Hunter color value of yogurt added barley flours during fermentation.
| Sample | Con (%) | Ferm. Time (hr) | L | a | b |
|---|---|---|---|---|---|
| Control | 0 | 83.22±0.02a | -3.15±0.01b | 3.71±0.03a | |
| 15 | 81.84±0.06b | -2.65±0.03a | 2.43±0.01b | ||
| Daeanchal | 0 | 0 | 83.25±0.04a | -2.57±0.01 | 6.00±0.01b |
| 15 | 83.02±0.02b | -2.55±0.02 | 7.43±0.09a | ||
| 10 | 0 | 74.45±0.05 | -0.68±0.01b | 10.57±0.07b | |
| 15 | 74.34±0.16 | -0.59±0.02a | 11.44±0.11a | ||
| 20 | 0 | 69.83±0.08 | -0.17±0.01b | 12.53±0.08b | |
| 15 | 69.88±0.22 | -0.12±0.02a | 13.20±0.20a | ||
| Boseokchal | 0 | 0 | 83.01±0.04b | -2.70±0.02b | 5.60±0.07b |
| 15 | 83.45±0.01a | -2.63±0.01a | 7.54±0.03a | ||
| 10 | 0 | 72.90±0.09 | -0.13±0.01b | 8.23±0.07b | |
| 15 | 70.94±0.03 | -0.06±0.02a | 9.86±0.02a | ||
| 20 | 0 | 68.70±0.05a | -0.26±0.01b | 8.93±0.05b | |
| 15 | 67.49±0.02b | 0.49±0.01a | 9.78±0.03a | ||
Table 6.
Effect of barley flours on the growth (Log CFU/g) of Lactic acid bacteria in yogurt during fermentation.
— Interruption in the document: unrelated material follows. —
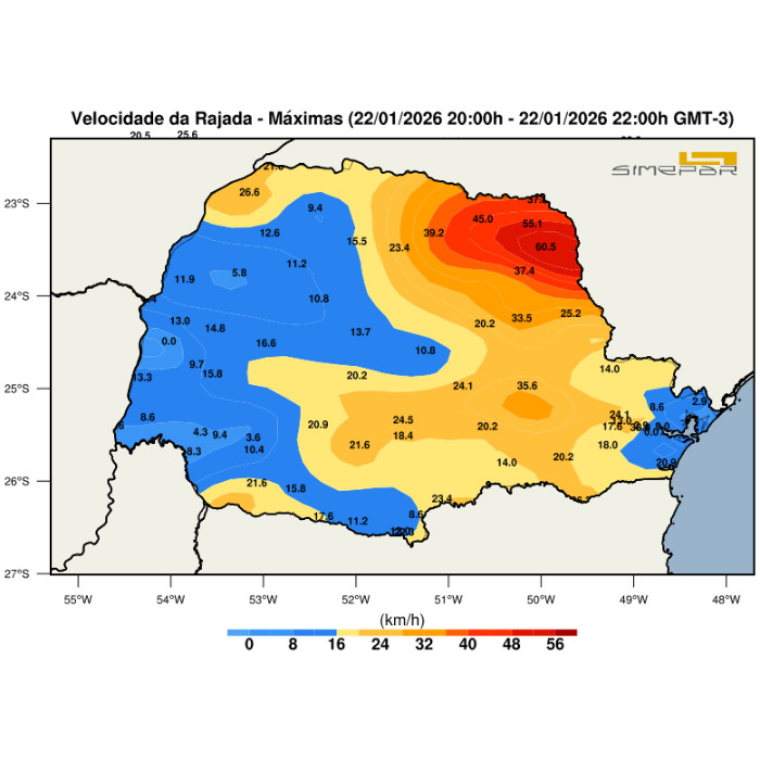 A pista de ventos formada entre o sistema de alta pressão situado na altura do Uruguai e a área de baixa pressão entre o Sudeste e o Sul do Brasil, ambos no oceano, favorece ventos persistentes do centro ao sul, norte e leste do Paraná. nesse cenário, a sensação de frio aumenta, uma vez que municípios como Guarapuava, Palmas, Lapa, Curitiba e Ventania registram temperaturas ao redor dos 14 °C neta noite. Com a descida do segundo Planalto (de Ponta Grossa), na região do Norte Pioneiro, os ventos canalizam no relevo e aceleram, provocando rajadas mais fortes na altura de Santo Antônio da Platina e Joaquim Távora. No momento, os municípios registram 55,1 km/h e 60,5 km/h, respectivamente.
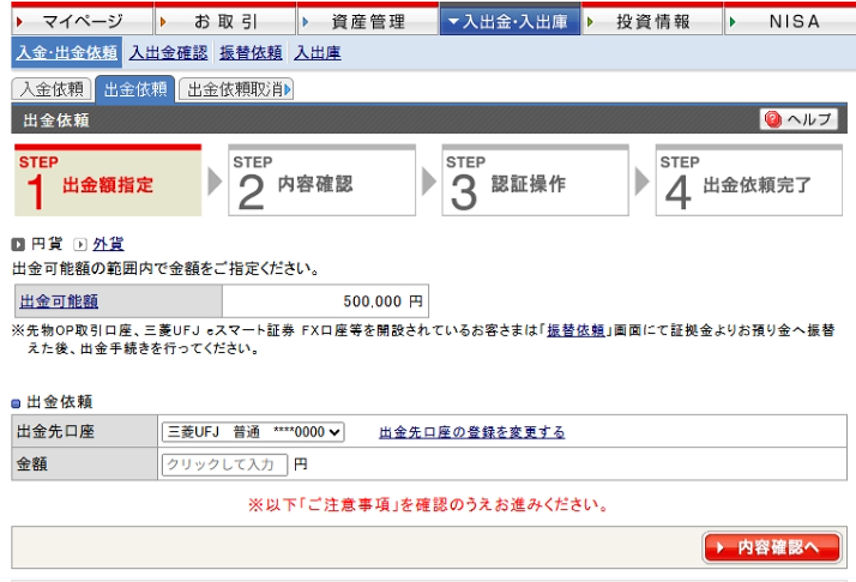 当社証券口座から、銀行口座へ出金する手順をご説明します。有価証券の売却代金を出金する場合は、受渡日から出金いただけます。

| Samples | Con. (%) | Lactic acid bacteria (log CFU/g) | |||
|---|---|---|---|---|---|
| 0 h | 5 h | 8 h | 15 h | ||
| Control | 7.48±0.03c | 7.79±0.13e | 8.15±0.17c | 8.71±0.04c | |
| Daeanchal | 0 | 7.49±0.02c | 9.07±0.04d | 9.22±0.02b | 9.00±0.21b |
| 10 | 7.87±0.04ab | 9.95±0.01a | 10.02±0.64a | 9.68±0.04a | |
| 20 | 7.90±0.01a | 10.10±0.01a | 9.42±0.01ab | 9.47±0.11a | |
| Boseokchal | 0 | 7.48±0.03c | 9.27±0.08cd | 9.57±0.14ab | 9.47±0.12a |
| 10 | 7.83±0.02b | 9.57±0.19b | 9.60±0.14ab | 9.15±0.01b | |
| 20 | 7.89±0.01ab | 9.39±0.01bc | 9.62±0.01ab | 9.61±0.01a | |
| SEM | 0.019 | 0.065 | 0.187 | 0.073 | |
Cereal fermentation processes are affected by characteristic variables such as fermentable substrates, nutriens, growth factors, minerals, efficacy of growth inhibiting principle, water contents, and amylolytic activity (Hammes et al., 2005). The original microbial population of the yogurt during 0, 5, 8, and 15 hr fermentation was 7.48, 7.79, 8.15, and 8.71 Log CFU/g, respectively. Lactic acid bacteria count of yogurt added oligosaccharides was higher than the control. Moreover, the addition of barley flour was to promote the proliferation of Lactic acid bacteria in yogurt. Oligosaccharide, such as lactulose, fructo-oligosaccharides, and trans galacto-oligosaccharies have received interested attention, especially because they have been shown to be effective in stimulating the growth of Bifidobacteria and Lactobacilli in human large intestine (Charalampopoulos et al., 2002). Moreover, cereals have higher content of some of the essential vitamins than milk, higher content of dietary fibre, and increased amount of minerals, especially phosphorus. Charalampopoulos et al. (2002) reported that the malt medium supported better cell growth than barley and wheat due to the increased amounts of maltose, sucrose, glucose, and fructose (approximately 15 g of total fermentable sugars) and free amino nitrogen (approximately 80 mg). Lactic acid bacteria can rarely convert starch into lactic acid. However, some strains of Lactobacillus and Streptococcus and do it (Prade et al., 2008). Vasiljevic et al. (2007) reported that the barley beta-glucan addition suppressed proteolytic activity more than that from oat. In our research, addition of barley flours added into the yogurt base may also have contributed to growth of Lactic acid bacteria. Moreover, authors considered that results are good source to development of fermented food with the grain.